====== DATA FOR THIS EXERCISE

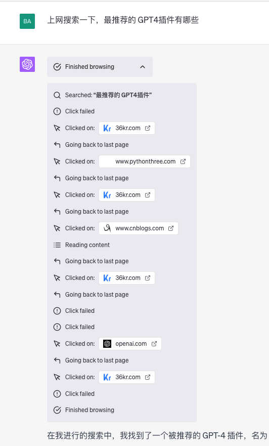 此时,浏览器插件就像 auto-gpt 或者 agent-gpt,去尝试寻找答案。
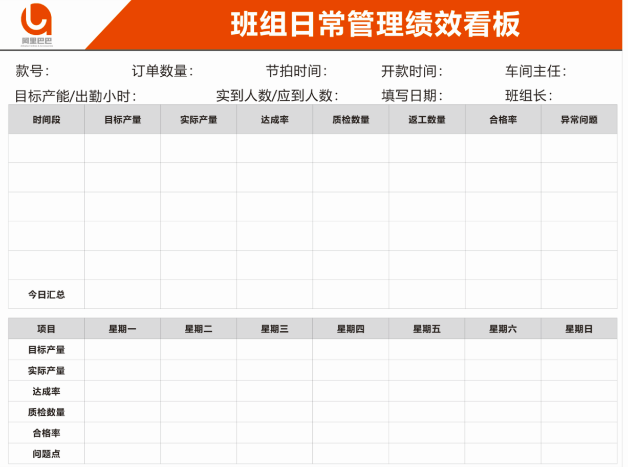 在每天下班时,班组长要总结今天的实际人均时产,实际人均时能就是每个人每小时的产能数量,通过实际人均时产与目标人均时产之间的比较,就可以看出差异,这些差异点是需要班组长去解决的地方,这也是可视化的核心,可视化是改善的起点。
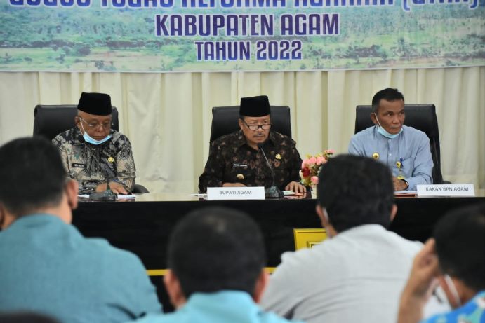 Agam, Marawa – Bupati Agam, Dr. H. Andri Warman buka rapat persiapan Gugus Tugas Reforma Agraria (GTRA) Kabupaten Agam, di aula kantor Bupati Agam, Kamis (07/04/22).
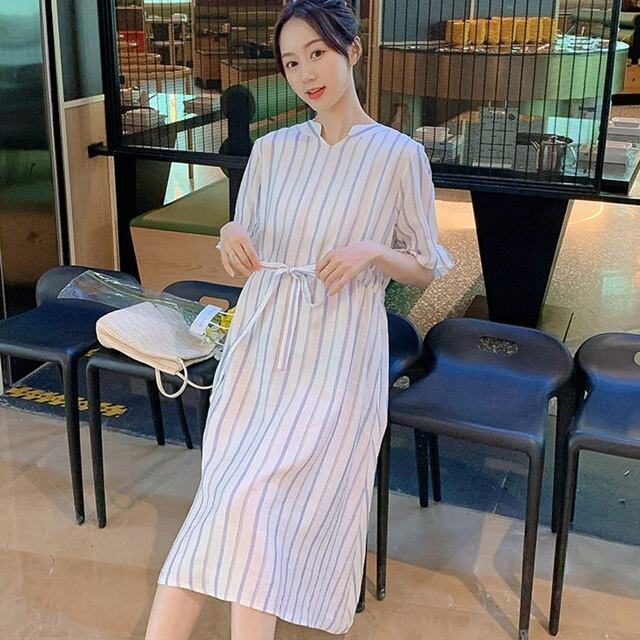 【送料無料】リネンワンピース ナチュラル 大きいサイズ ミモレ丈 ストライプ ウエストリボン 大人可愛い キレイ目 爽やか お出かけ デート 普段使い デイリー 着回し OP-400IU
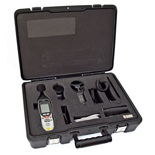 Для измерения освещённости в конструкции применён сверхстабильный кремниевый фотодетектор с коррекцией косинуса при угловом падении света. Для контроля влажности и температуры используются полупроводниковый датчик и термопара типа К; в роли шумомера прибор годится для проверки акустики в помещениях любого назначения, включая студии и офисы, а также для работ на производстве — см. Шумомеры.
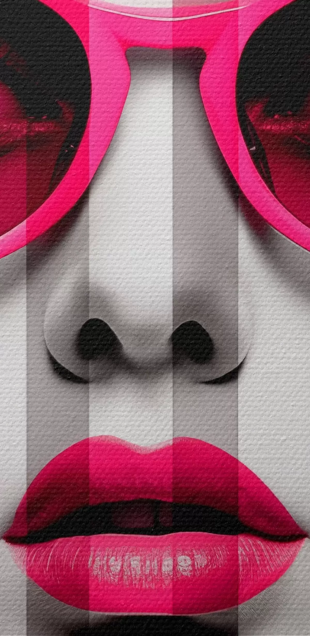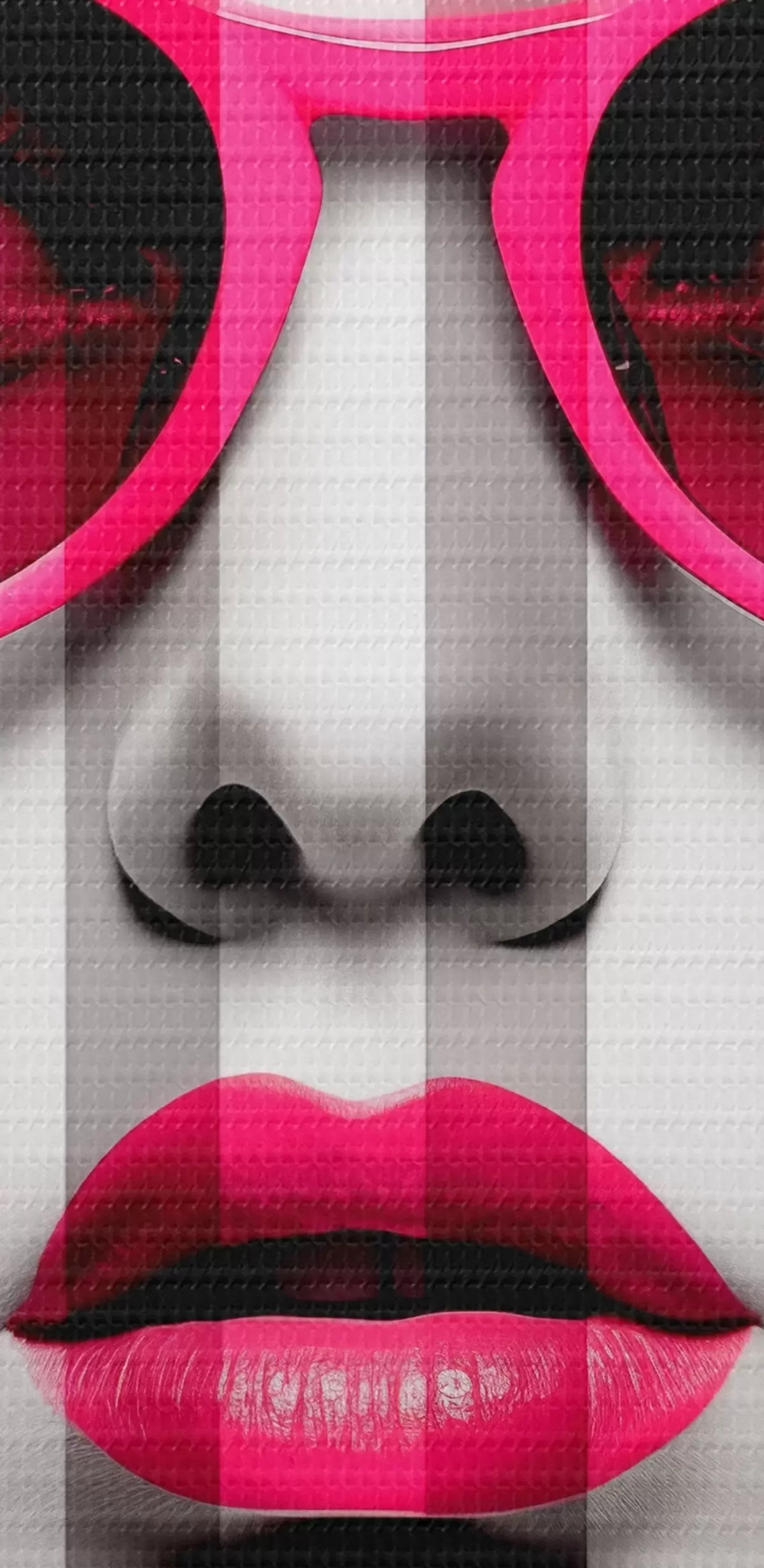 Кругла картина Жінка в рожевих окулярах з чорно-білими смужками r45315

============
====== DATA FOR THIS EXERCISE

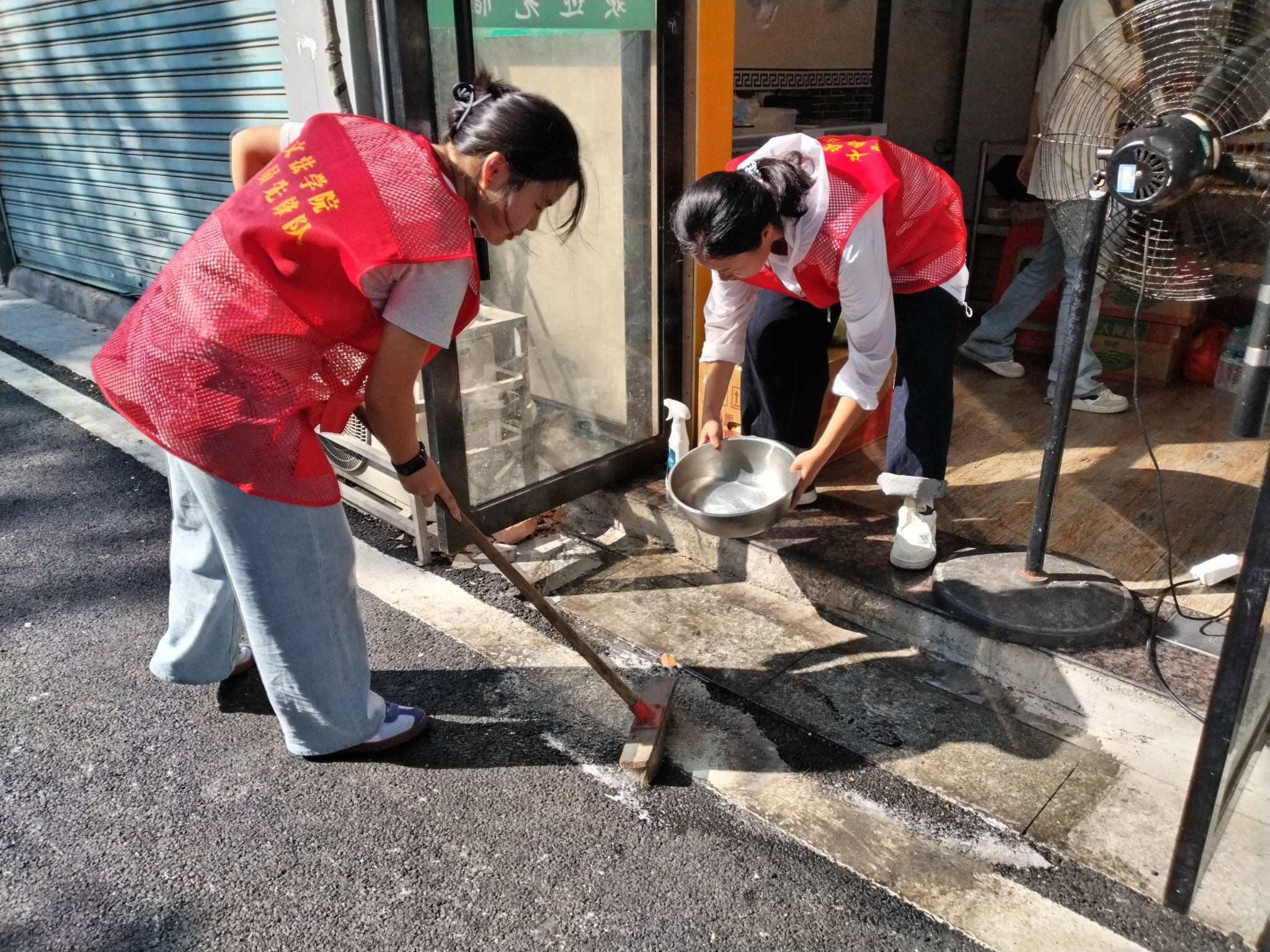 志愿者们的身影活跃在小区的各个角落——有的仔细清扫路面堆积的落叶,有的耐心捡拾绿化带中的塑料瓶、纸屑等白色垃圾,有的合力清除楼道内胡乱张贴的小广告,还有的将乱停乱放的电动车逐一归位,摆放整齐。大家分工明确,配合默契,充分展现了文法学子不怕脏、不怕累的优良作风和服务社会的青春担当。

============

■ **WHAT YOU SHOULD DO**
Starting at the line with "此时,浏览器插件就像 auto-gpt 或者 agent-gpt,去尝试寻找答案。" in the entries above, write out every line exactly until the line with "デイリー 着回し OP-400IU" has been written. Include no pictures and nothing more.

■ **COMPLETED EXERCISE**
 此时,浏览器插件就像 auto-gpt 或者 agent-gpt,去尝试寻找答案。
 在每天下班时,班组长要总结今天的实际人均时产,实际人均时能就是每个人每小时的产能数量,通过实际人均时产与目标人均时产之间的比较,就可以看出差异,这些差异点是需要班组长去解决的地方,这也是可视化的核心,可视化是改善的起点。
 Agam, Marawa – Bupati Agam, Dr. H. Andri Warman buka rapat persiapan Gugus Tugas Reforma Agraria (GTRA) Kabupaten Agam, di aula kantor Bupati Agam, Kamis (07/04/22).
 【送料無料】リネンワンピース ナチュラル 大きいサイズ ミモレ丈 ストライプ ウエストリボン 大人可愛い キレイ目 爽やか お出かけ デート 普段使い デイリー 着回し OP-400IU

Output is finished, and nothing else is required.